Oggi, possiamo con evidenza constatare quanto sia vero che "un'economia di scambio non può più poggiare esclusivamente sulla legge della libera concorrenza, anch’essa troppo spesso generatrice di dittatura economica. La libertà degli scambi non è equa se non subordinatamente alle esigenze della giustizia sociale". Lo scriveva, già nel 1967, Paolo VI nell'Enciclica "Populorum Progressio" (n. 59).
[1] Sull’Hallesismo: Agostino Maria Trucco, Gli Hallesisti cosa vogliono?, pubblicato a Roma negli anni Venti; Mario Colonna, Hallesismo. 1924; Pace economica, 1928 Tipogr. Artigianelli, Venezia [da notare che questo libro fu edito dalla Tipografia Artigianelli di Venezia, appartenente alla congregazione di Don Orione]; Nicolò Manetti Cusa, La redenzione economica. L'Hallesismo, Edizione Maglione, Roma 1932; Nicolò Manetti Cusa, Hallesismo, Edizione Maglione, Roma 1937; Enrico Barone, oppositore dell'Hallesismo, autore del libro Hallesismo, esposizione e critica, Roma, Stab. Tib. Romano, anno 1924; Gerasci & Marinucci, Hallesismo, l'economia al servizio dell'uomo, Ed. Bresci, Torino, 1979.
[2] In un suo articolo pubblicato su La verità economica del 1° aprile 1946, Cusa Manetti ricorda che, inizialmente, “Il mio libro La redenzione economica rese perplesso Don Orione. Egli volle leggerlo e rileggerlo. Lo rividi dopo un anno. Mi disse che aveva fatto studiare l’Hallesismo da persone assai competenti ed autorevoli e nessun errore, neanche lieve, era stato riscontrato”. Evidentemente, a Don Orione interessava che la nuova teoria economica fosse nel solco della dottrina etica e sociale cattolica. “Don Orione mi promise tutto il suo appoggio”, continua Cusa Manetti, e, in una lettera del 27 novembre 1937, egli scrisse: “Non dubiti che Dio La assisterà e coronerà i suoi sforzi”.
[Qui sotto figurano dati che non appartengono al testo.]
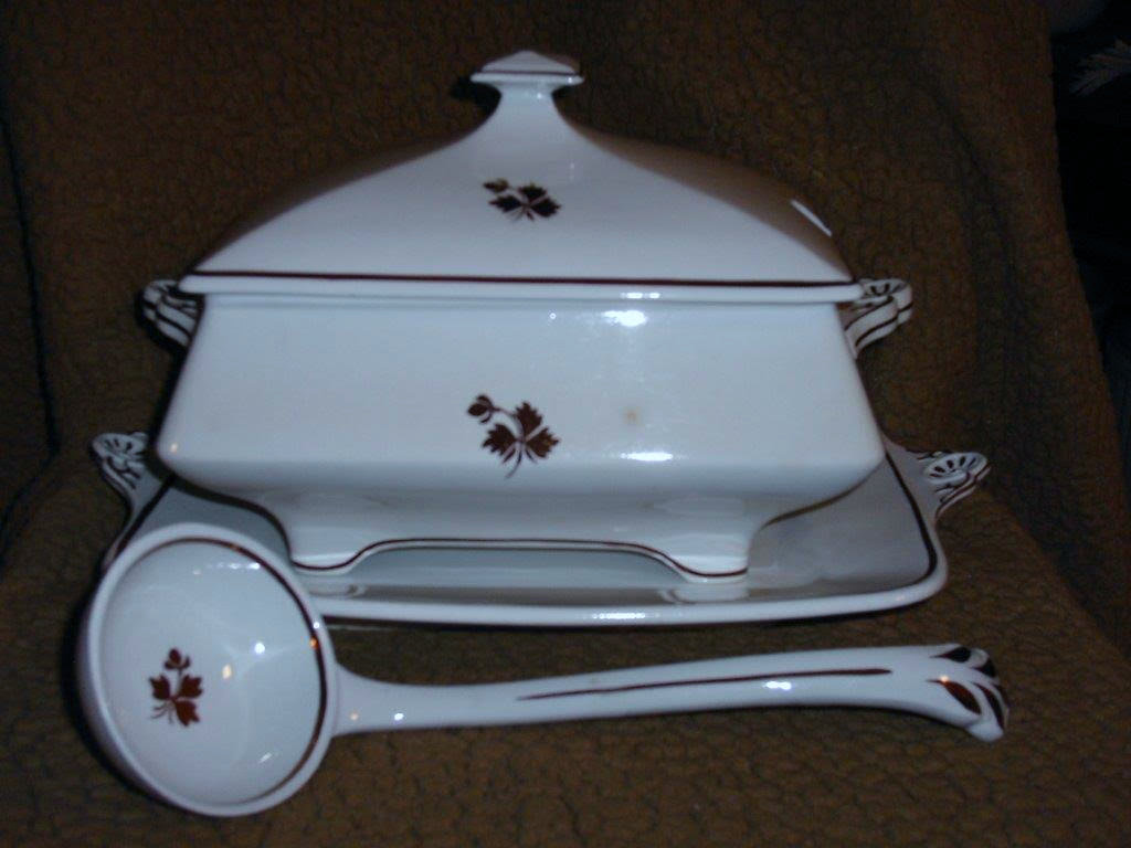 A complete four-part soup tureen in the Daisy body style includes a base, lid, undertray and ladle. A beautiful set.
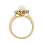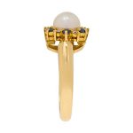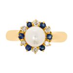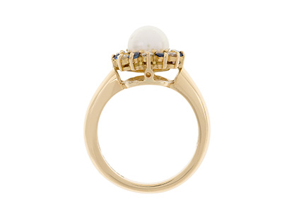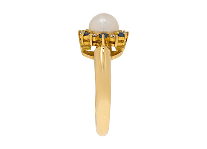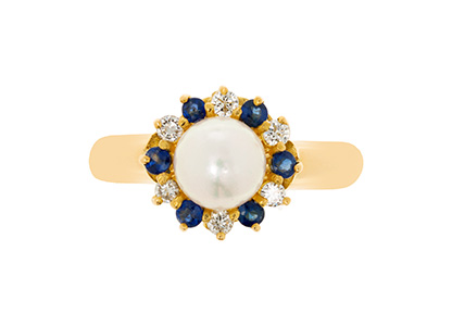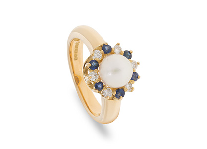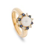 Crafted in 18ct yellow gold with a substantial shank, set with a single smooth round cultured pearl, surrounded with alternating blue sapphires and white diamonds.
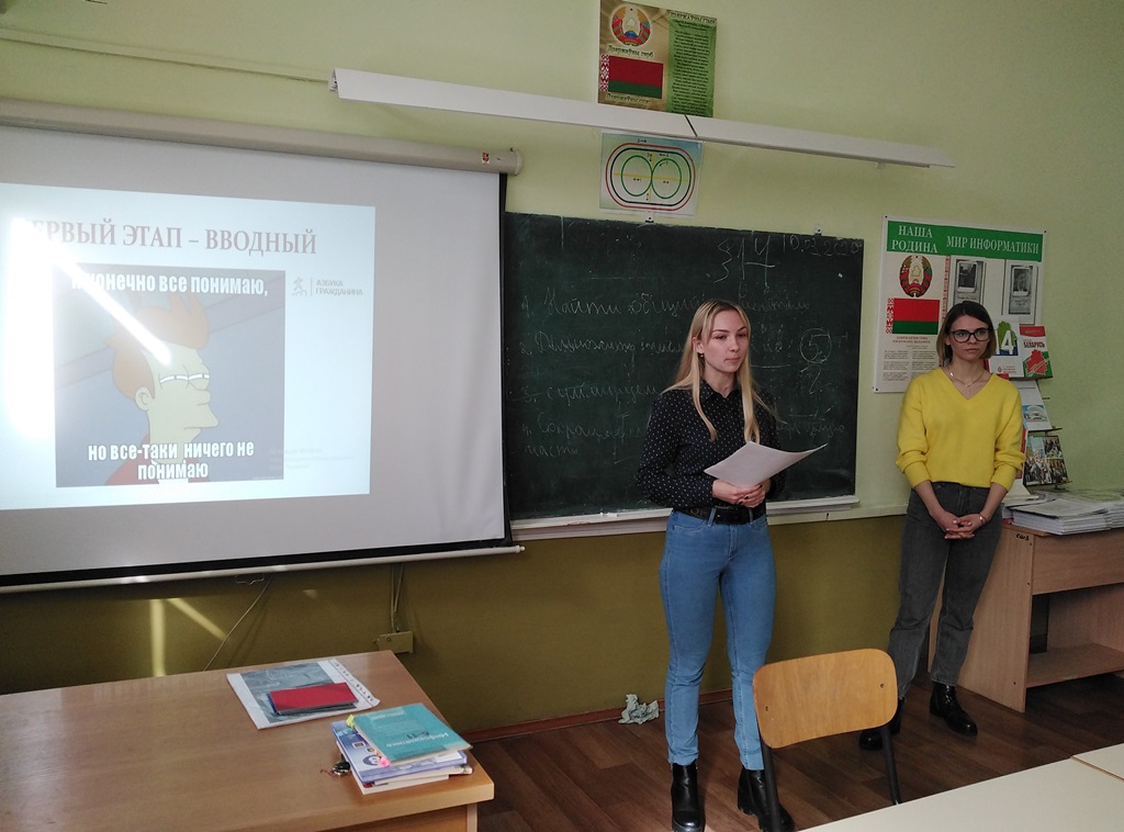 11 марта актив студенческой образовательной клиники «Живое право» (Анастасия Яркова, Ксения Ибрагимова, Анастасия Жукова) провел серию тренингов на правовую тематику в СШ №3 г. Добруша. В них приняли участие учащиеся 8-10 классов.
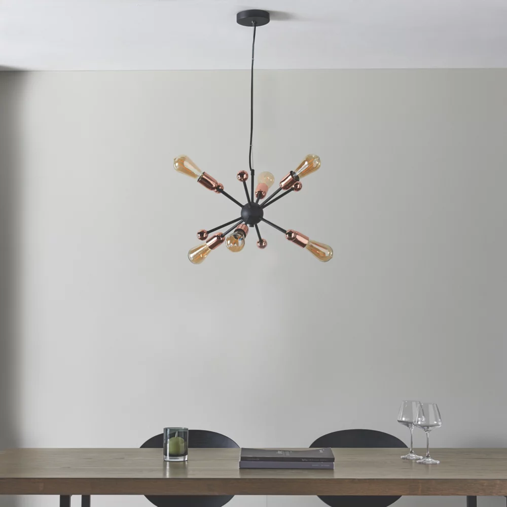 Industrial style. Adjustable multi-arm pendant with six lights, suspended from a matt black plate.
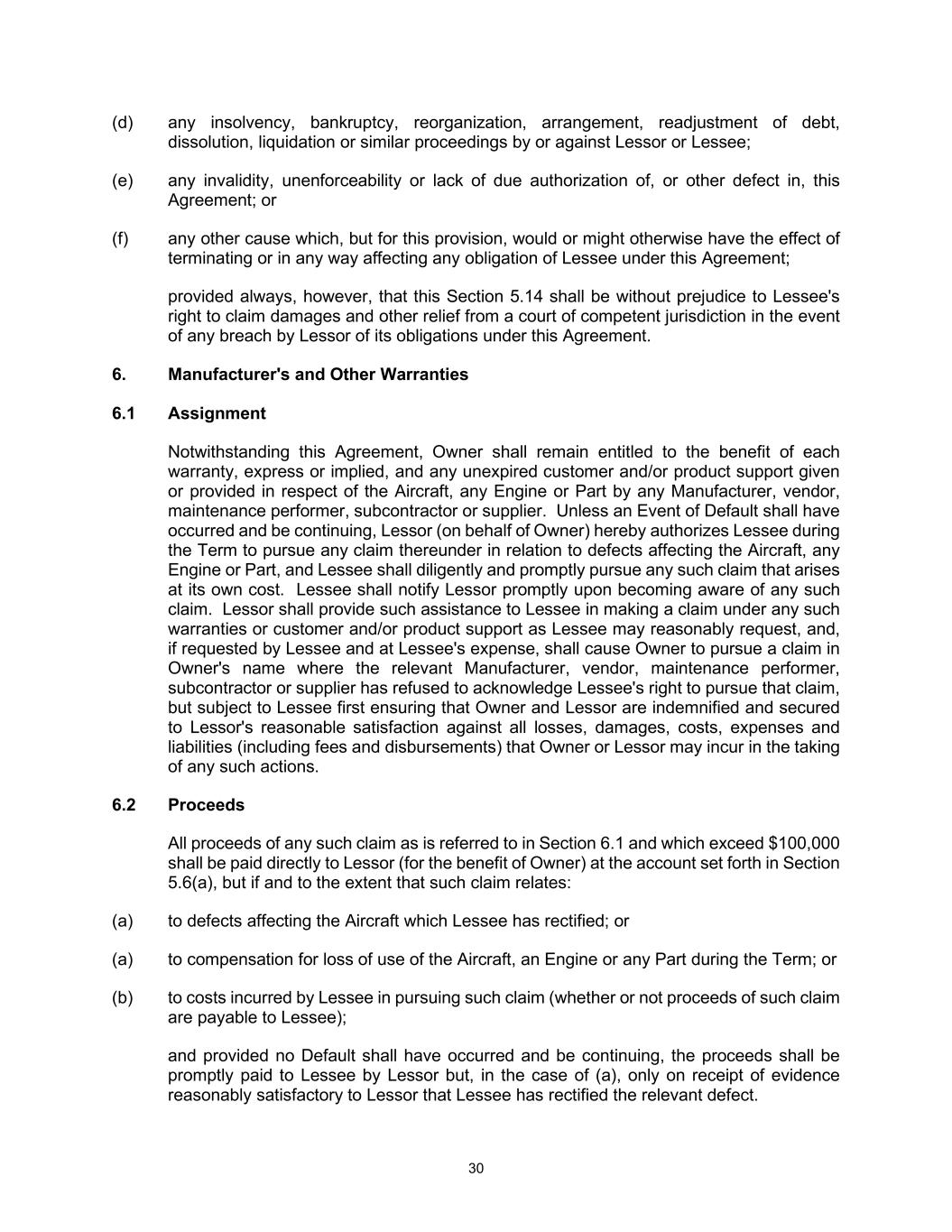 30 (e) any invalidity, unenforceability or lack of due authorization of, or other defect in, this Agreement; or (f) any other cause which, but for this provision, would or might otherwise have the effect of terminating or in any way affecting any obligation of Lessee under this Agreement; provided always, however, that this Section 5.14 shall be without prejudice to Lessee's right to claim damages and other relief from a court of competent jurisdiction in the event of any breach by Lessor of its obligations under this Agreement. 6. Manufacturer's and Other Warranties 6.1 Assignment Notwithstanding this Agreement, Owner shall remain entitled to the benefit of each warranty, express or implied, and any unexpired customer and/or product support given or provided in respect of the Aircraft, any Engine or Part by any Manufacturer, vendor, maintenance performer, subcontractor or supplier. Unless an Event of Default shall have occurred and be continuing, Lessor (on behalf of Owner) hereby authorizes Lessee during the Term to pursue any claim thereunder in relation to defects affecting the Aircraft, any Engine or Part, and Lessee shall diligently and promptly pursue any such claim that arises at its own cost. Lessee shall notify Lessor promptly upon becoming aware of any such claim. Lessor shall provide such assistance to Lessee in making a claim under any such warranties or customer and/or product support as Lessee may reasonably request, and, if requested by Lessee and at Lessee's expense, shall cause Owner to pursue a claim in Owner's name where the relevant Manufacturer, vendor, maintenance performer, subcontractor or supplier has refused to acknowledge Lessee's right to pursue that claim, but subject to Lessee first ensuring that Owner and Lessor are indemnified and secured to Lessor's reasonable satisfaction against all losses, damages, costs, expenses and liabilities (including fees and disbursements) that Owner or Lessor may incur in the taking of any such actions. 6.2 Proceeds All proceeds of any such claim as is referred to in Section 6.1 and which exceed $100,000 shall be paid directly to Lessor (for the benefit of Owner) at the account set forth in Section 5.6(a), but if and to the extent that such claim relates: (a) to defects affecting the Aircraft which Lessee has rectified; or (a) to compensation for loss of use of the Aircraft, an Engine or any Part during the Term; or (b) to costs incurred by Lessee in pursuing such claim (whether or not proceeds of such claim are payable to Lessee); and provided no Default shall have occurred and be continuing, the proceeds shall be promptly paid to Lessee by Lessor but, in the case of (a), only on receipt of evidence reasonably satisfactory to Lessor that Lessee has rectified the relevant defect.

[3] Lettera del 9 febbraio 1933. Agostino Maria Trucco, fondatore della Scuola Economica Italiana, previde con impressionante precisione di dettagli le conseguenze della mancanza di un sistema di mercati internazionali. A partire dalla sua diagnosi sociologica ed economica, egli previde e argomentò che l'umanità non avrebbe potuto aver pace, che, anzi, violentissime crisi si sarebbero susseguite ed aggravate, fino al crollo della civiltà, ove non fosse stato risolto il problema economico. Per esempio nel volumetto La paura d'arricchire, p.48, nel 1928, scrisse: "Senza un grande fatto nuovo, capace di creare una nuova mentalità economico-fiscale, fatalmente, ed al più tardi entro il 1938-39, quando la leva ridarà il massimo contingente, scoppierà la grandissima guerra mondiale in gestazione...". Il 1° settembre 1939, iniziò la terribile seconda guerra mondiale.